Semaine 20/20 – Suisse – Prestations appréciables en argent, personnes proches, théorie du triangle

De l’arrêt 2C_777/2019 du Tribunal fédéral du 28 avril, on apprend notamment que lorsqu’une autorité de taxation reprend des éléments au titre de prestations appréciables en argent dans une décision de rappel d’impôt concernant une société, dans la décision parallèle qu’elle rend à l’encontre de l’actionnaire ou associé qui en aurait profité, elle est dispensée de la rigueur à laquelle l’on serait en droit de s’attendre dans le traitement de deux causes non joignables. Peu importe donc que l’on retrouve dans celle-ci des inadéquations dues à des raccourcis empruntés à celle-là, à supposer par économie de moyens.

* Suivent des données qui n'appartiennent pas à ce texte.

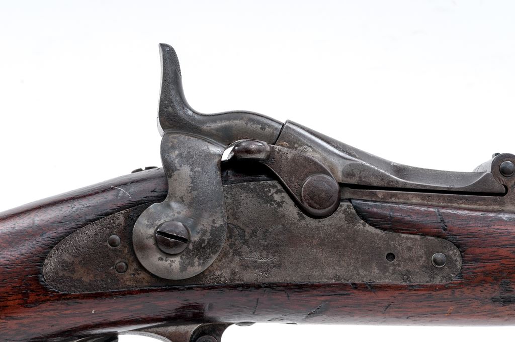 U.S. Springfield Model 1888 ''Ramrod Bayonet'' Trapdoor Infantry Rifle, #558943, .45-70 Gov't. cal., 32-5/8'' barrel with block-blade front sight and Buffington rear sight (correctly marked ''R'' for Rifle) marked ''V/P/(eaglehead)/P'' and ''A'' at breech; trapdoor breechblock is marked ''US/Model/1884'' in three lines at hinge; flush-mounted lockplate has a spread-wing eagle clutching olive branches ahead of hammer (other markings obscured); correct one-piece triggerguard with sling swivel at front; steel furniture including two spring-retained barrel bands (top band with stacking swivel), buttplate with sliding door opening to trap for cleaning rod (not present) is marked ''US'' behind tang screw; one-piece ramrod bayonet. Oil-stained walnut fullstock with ''SWP/1892'' (Samuel W. Porter) inspector's cartouche on left side. Mfg'd ca. 1889-93. Condition is all original and very good, the steel parts generally a smooth gunmetal gray-brown, the lockplate with pitting at rear and partially obscured markings. Stock shows the expected marks of military use and age and losses at top band on right side and along the ramrod channel, otherwise solid. Action is strong and smooth; bore is shiny with distinct rifling. Est.: $750-$1,250. (Antique)
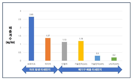이는 DPF(매연저감장치)가 장착돼 유로6 규제를 만족하는 디젤차와 GDI(직접분사식 가솔린) 엔진이 장착된 가솔린차에서 배출되는 미세먼지보다 2배 이상 높은 수치다.
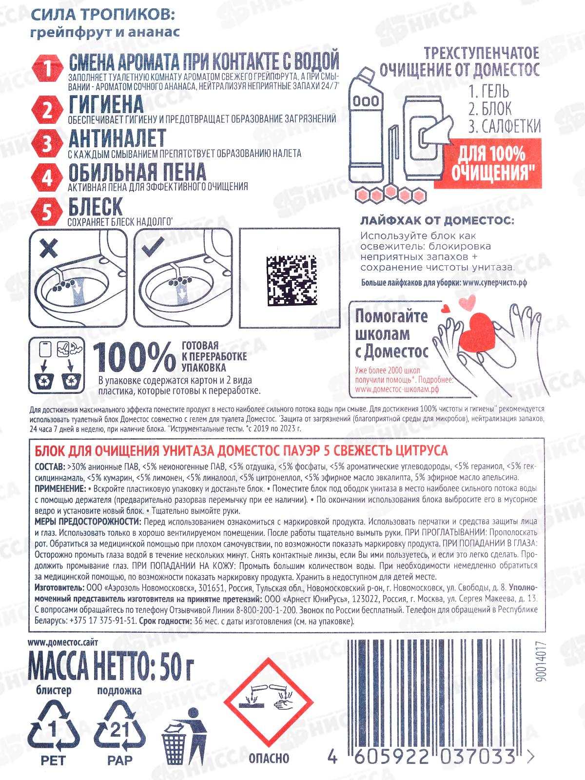 ДОМЕСТОС блок для унитаза Power 5 Сила тропиков 50г
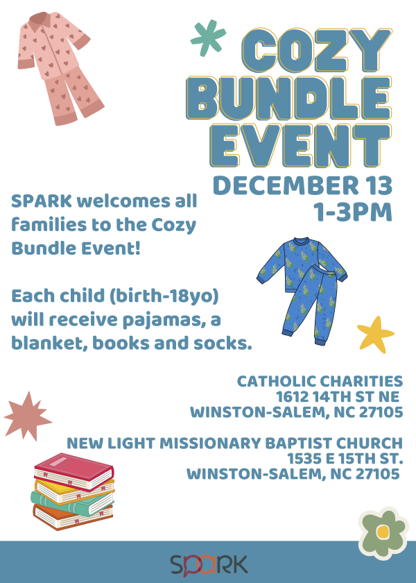 SPARK's Cozy Bundle Event is celebrating its 5th year and preparing to serve 350+ children. We need volunteers to help provide support at our pajama station, sock station, blanket and book bundle station, to serve hot cocoa, help neighbors shop for warm wear with the Community Coat Closet, be a Santa's helper and to greet families as they come through the door. We're excited to have the Community Coat Closet present to give warm wear to all family members and Santa! This is an event for any family who needs a cozy set of pajamas for ages newborn - 18yo. Community members don't have to register to shop for this event ahead of time. Please share with any family who needs this free resource. Volunteers need to sign up to volunteer.
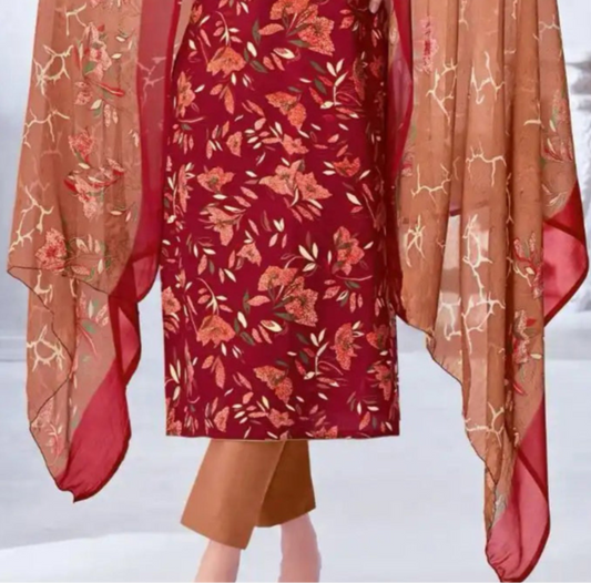 Wine Color printed Shalwar Kameez suit For Party And Everyday Wear
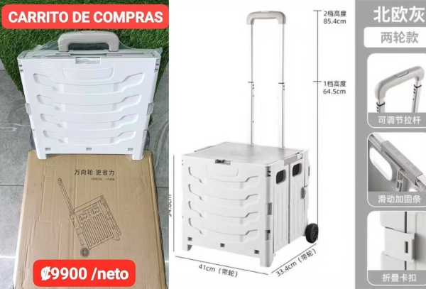 货名(Nombre):NETO/手拉购物车 长33.4*宽41*高34.8CM 伸拉杆1档64.5cm 2档85.4cm(NETO/CARRITO DE COMPRAS)
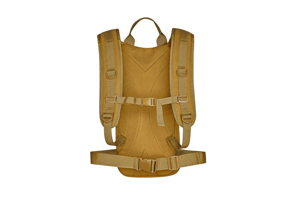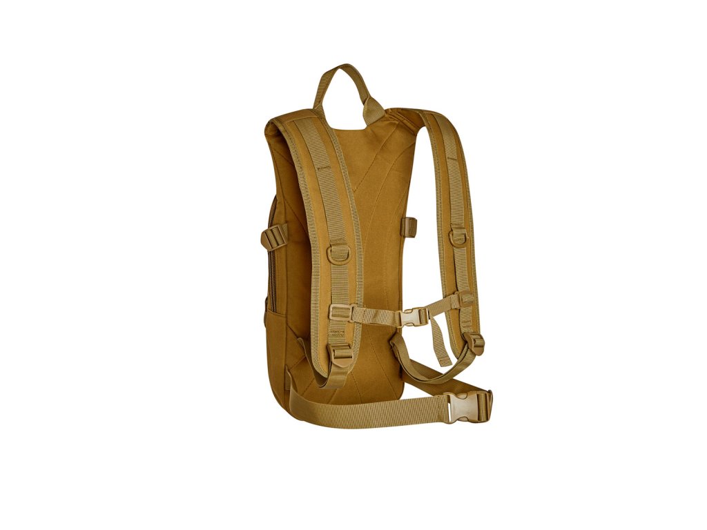 Hlavní komora batohu je opatřena přepážkou, v horní části se nachází 2 karabiny pro zavěšení hydrovaku (není součástí dodávky). Hadičku hydrovaku lze vyvést průvlaky na pravé i na levé straně pod ramenními panely. Na hlavní komoře se nacházejí další úložné prostory a to velká síťovaná kapsa s popruhem a přezkou - menší otevřená, síťovaná kapsa - 2. komora na zip - kapsa na zip (například pro mobilní telefon a peněženku) a gumová šňůra s brzdičkou, pod kterou lze přenášet například cyklistickou helmu, nebo karimatku. Po stranách batohu se nachází kompresní popruhy, které stahují hlavní komoru a obě síťované kapsy. Na horní straně je robustní ucho pro pohodlné přenášení batohu v ruce. Zadní strana a ramenní popruhy jsou polyesterové bez polstrování. Na popruzích je gumové poutko k provlečení hadičky hydrovaku a hrudní popruh, ten je výškově a délkově nastavitelný. Bederní popruh s robustní přezkou má šířku 3,5 centimetru.
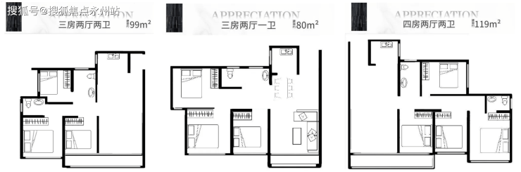 80㎡的3房2厅1卫户型;约三种99㎡的3房2厅2卫户型;
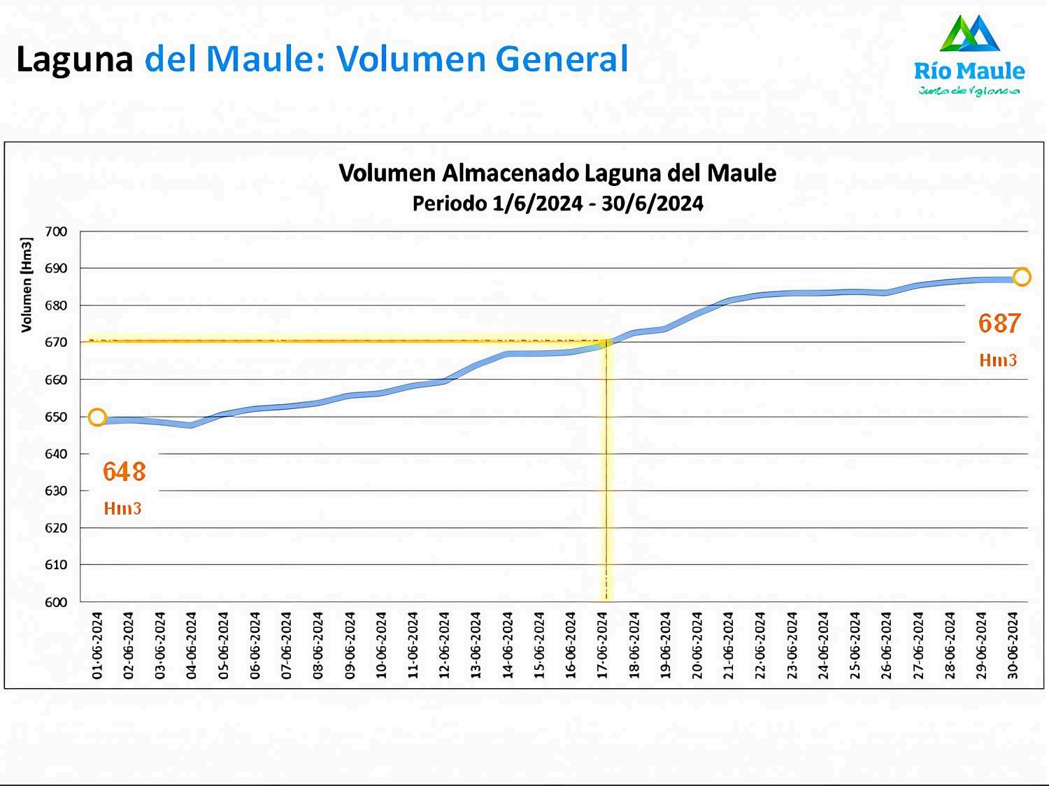La capacidad de la Laguna del Maule es de 1.500 Hm3, por el aporte de afluente, aumentó a 687,0 Hm3 equivalente al 45 8 %
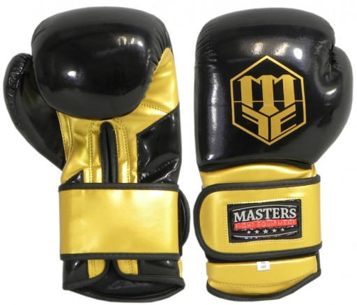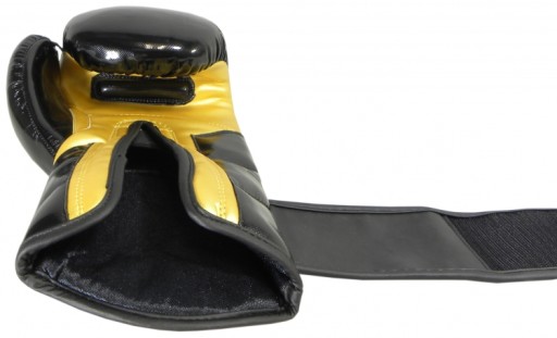 Боксерські рукавички RPU-9 чорно-золотого кольору з високоякісного шкірозамінника. Подовжена манжета довжиною 13 см має вшитий поролон для посилення та захисту області зап’ястя.
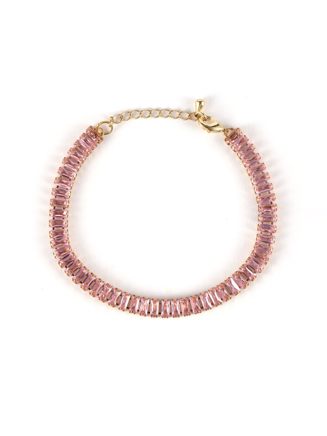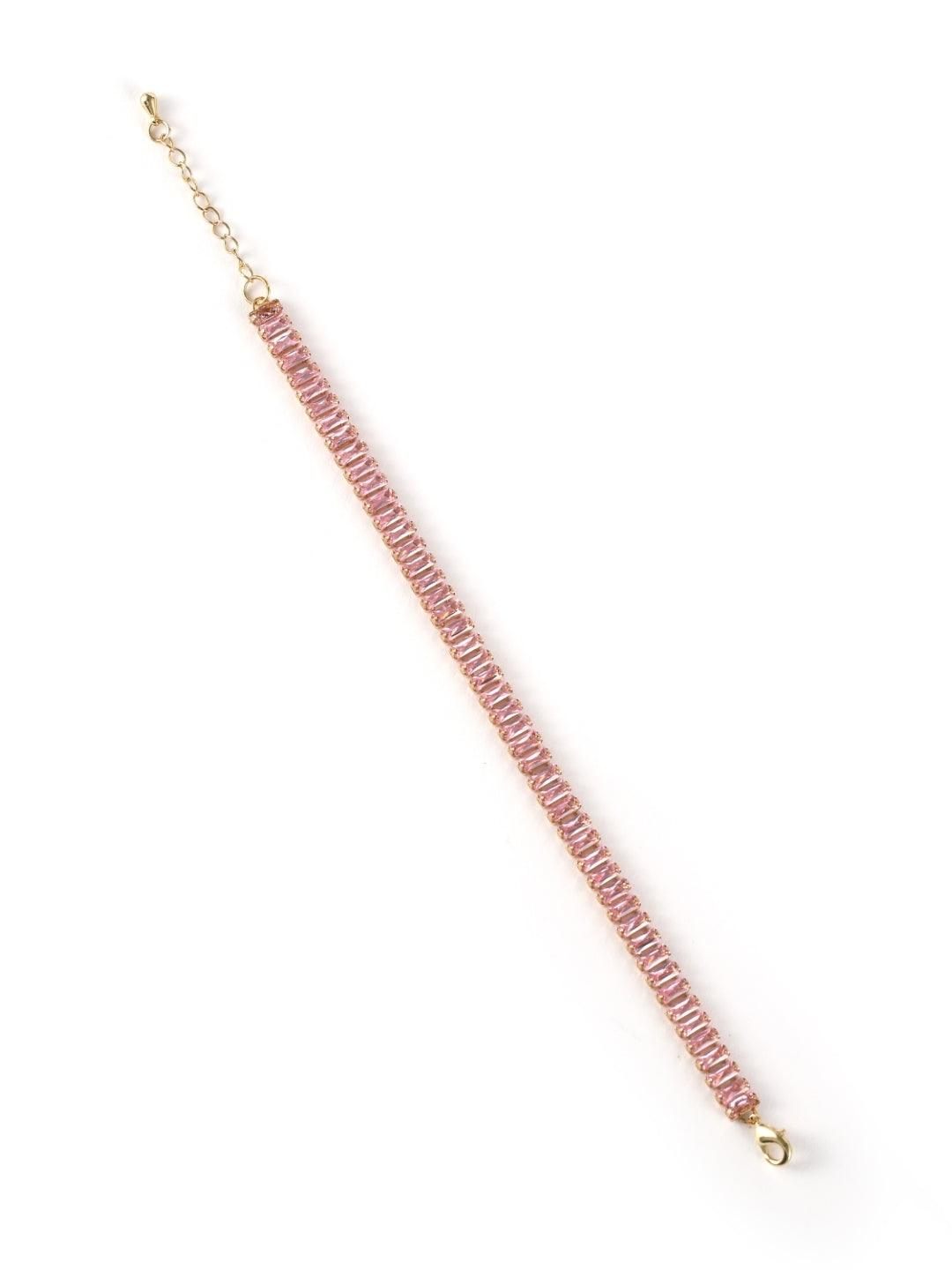 Gold-Plated Gold & Transparent Rhinestone Studded Handcrafted Brass Bracelet
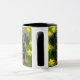 Mug chiot noir 3D dans fleurs jaunes.
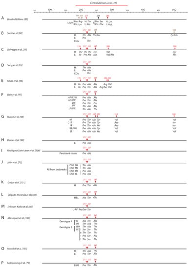 Smail et al. [] reported a study also working with Sp strains, in this case isolated from the Shetlands (from outbreaks: high virulence) and Scotland (from asymptomatic carrier fish: low virulence). The results, summarized in Figure 6E, showed that the positions with changes between L and H strains coincided with those of previous reports [,] but the virulence determinants were completely different. In fact, using the determinants proposed by Song et al. [], the H Shetland strains should be of low virulence. They concluded that the interaction between the viral strains, the fish species and even the geographic origin could be quite complex and therefore “it may be premature to define certain residues as vital determinants”.
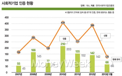 윤종태 한국사회적기업진흥원 기획홍보팀장은 "최근 6년 중 가장 많은 인증기업이 탄생한 해는 2010년인데 당시 216개의 기업이 사회적기업 인증을 받았다"며 "그런데 올 한해에만 200~250개의 사회적기업이 새롭게 탄생할 것으로 추정된다"고 말했다.

Pour ce qui est de la théorie du triangle, la question litigieuse se résume ainsi : lorsqu’une prestation appréciable en argent est faite par une société conjointement au frère et à la belle-sœur de l’associé majoritaire, la théorie du triangle trouve-t-elle application quand bien même ce frère est lui-même associé minoritaire de la société ? Ou, en d’autres termes, est-on une personne proche de l’associé, alors que l’on est soi-même associé, fût-ce minoritaire ? Le tribunal a confirmé l’arrêt attaqué en admettant la théorie du triangle, quand bien même les bénéficiaires de la prestation étaient l’associé minoritaire et son épouse (qui, elle, était proche, forcément plus de son mari que de son beau-frère) ; l’on est donc une personne proche, alors qu’on est soi-même titulaire de droits de participation. Le tribunal fonde cette nouvelle approche sur la position dominante du frère majoritaire.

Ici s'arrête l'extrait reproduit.